- _What you should do_
When a record holds a picture, leave the picture out and copy everything else exactly.

- _Input data_
* * * * * * *
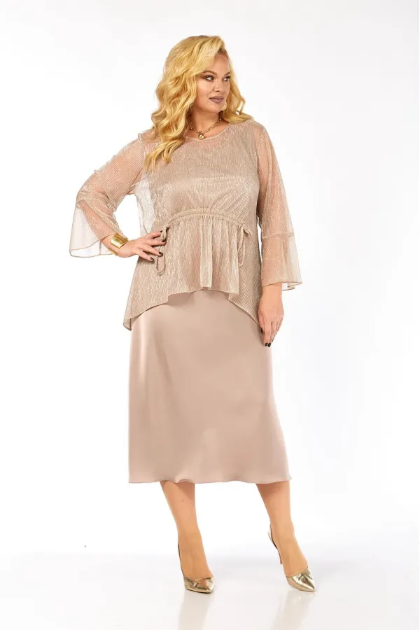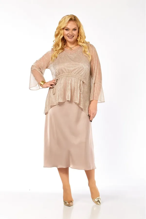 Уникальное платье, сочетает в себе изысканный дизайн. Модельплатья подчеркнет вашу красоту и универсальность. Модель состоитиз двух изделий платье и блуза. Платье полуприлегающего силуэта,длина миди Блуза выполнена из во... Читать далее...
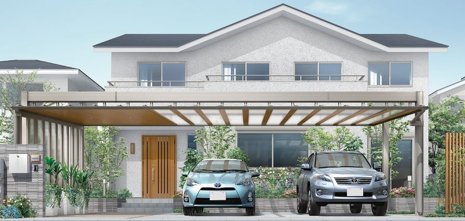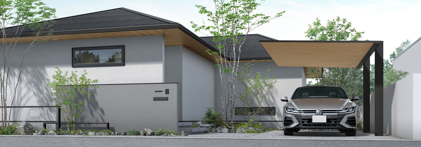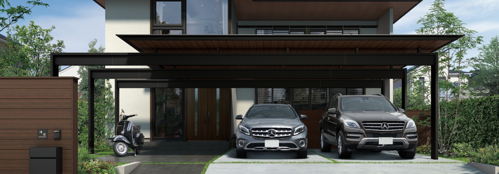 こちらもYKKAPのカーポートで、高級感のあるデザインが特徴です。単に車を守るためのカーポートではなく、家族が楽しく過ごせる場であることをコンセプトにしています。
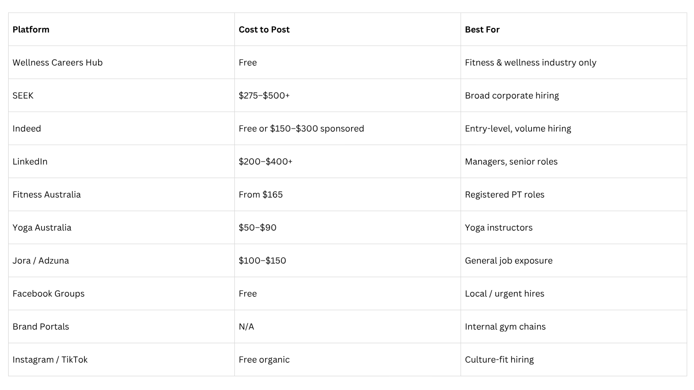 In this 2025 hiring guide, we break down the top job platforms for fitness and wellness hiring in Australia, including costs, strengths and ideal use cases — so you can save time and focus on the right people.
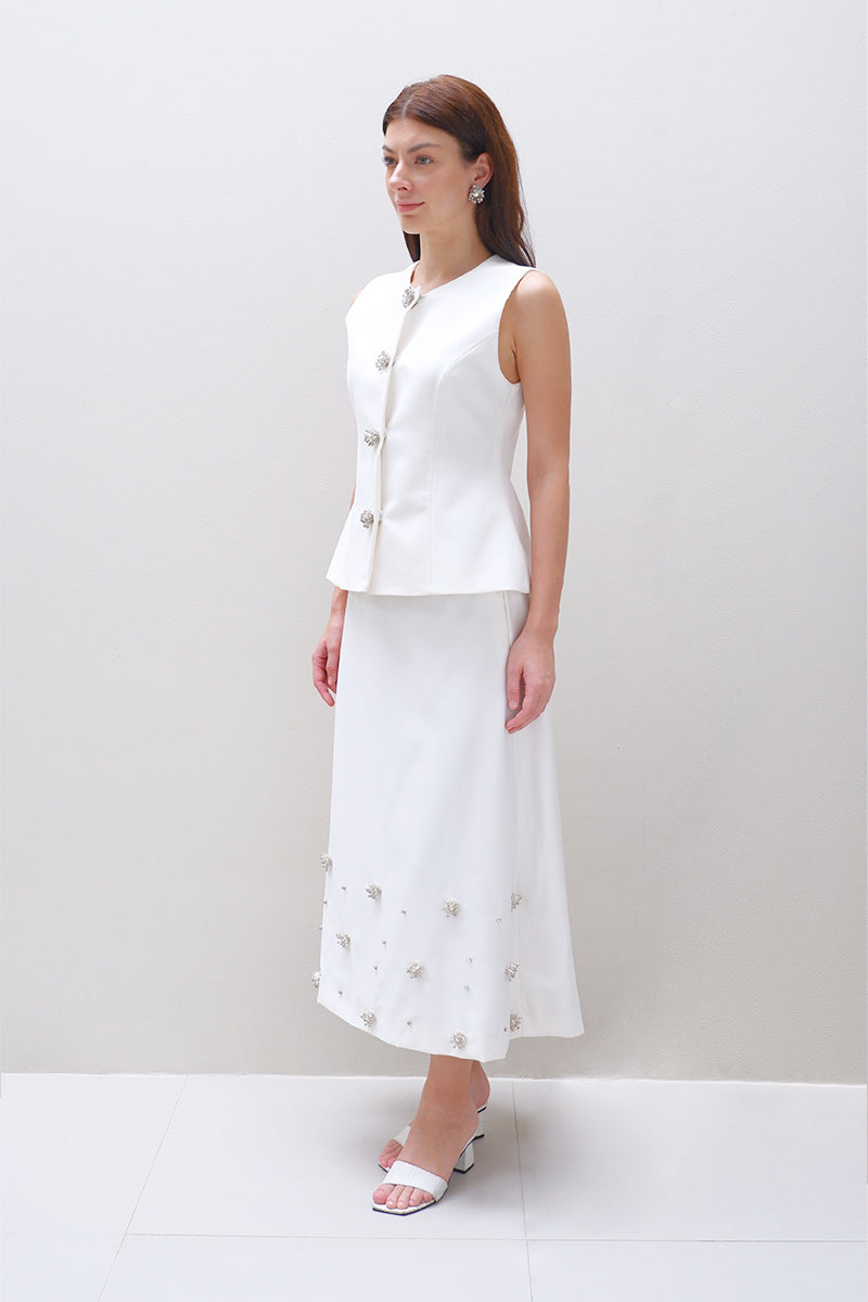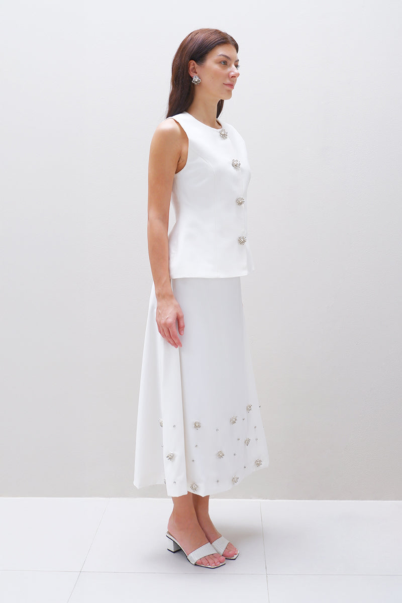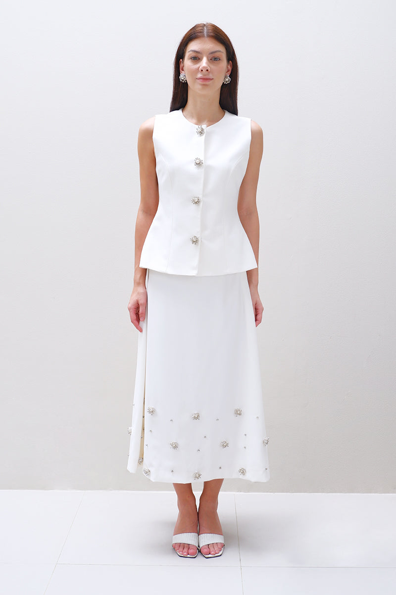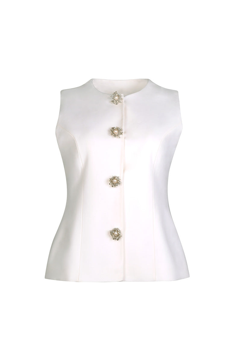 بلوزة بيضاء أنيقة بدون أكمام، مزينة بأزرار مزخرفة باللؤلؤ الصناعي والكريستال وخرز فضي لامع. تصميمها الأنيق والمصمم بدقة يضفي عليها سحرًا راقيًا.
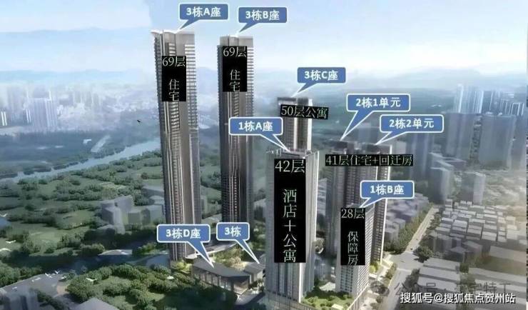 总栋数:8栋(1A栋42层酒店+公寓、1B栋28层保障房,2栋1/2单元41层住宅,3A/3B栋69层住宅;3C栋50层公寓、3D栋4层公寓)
* * * * * * *
- _Response for this exercise_
 Уникальное платье, сочетает в себе изысканный дизайн. Модельплатья подчеркнет вашу красоту и универсальность. Модель состоитиз двух изделий платье и блуза. Платье полуприлегающего силуэта,длина миди Блуза выполнена из во... Читать далее...
 こちらもYKKAPのカーポートで、高級感のあるデザインが特徴です。単に車を守るためのカーポートではなく、家族が楽しく過ごせる場であることをコンセプトにしています。
 In this 2025 hiring guide, we break down the top job platforms for fitness and wellness hiring in Australia, including costs, strengths and ideal use cases — so you can save time and focus on the right people.
 بلوزة بيضاء أنيقة بدون أكمام، مزينة بأزرار مزخرفة باللؤلؤ الصناعي والكريستال وخرز فضي لامع. تصميمها الأنيق والمصمم بدقة يضفي عليها سحرًا راقيًا.
 总栋数:8栋(1A栋42层酒店+公寓、1B栋28层保障房,2栋1/2单元41层住宅,3A/3B栋69层住宅;3C栋50层公寓、3D栋4层公寓)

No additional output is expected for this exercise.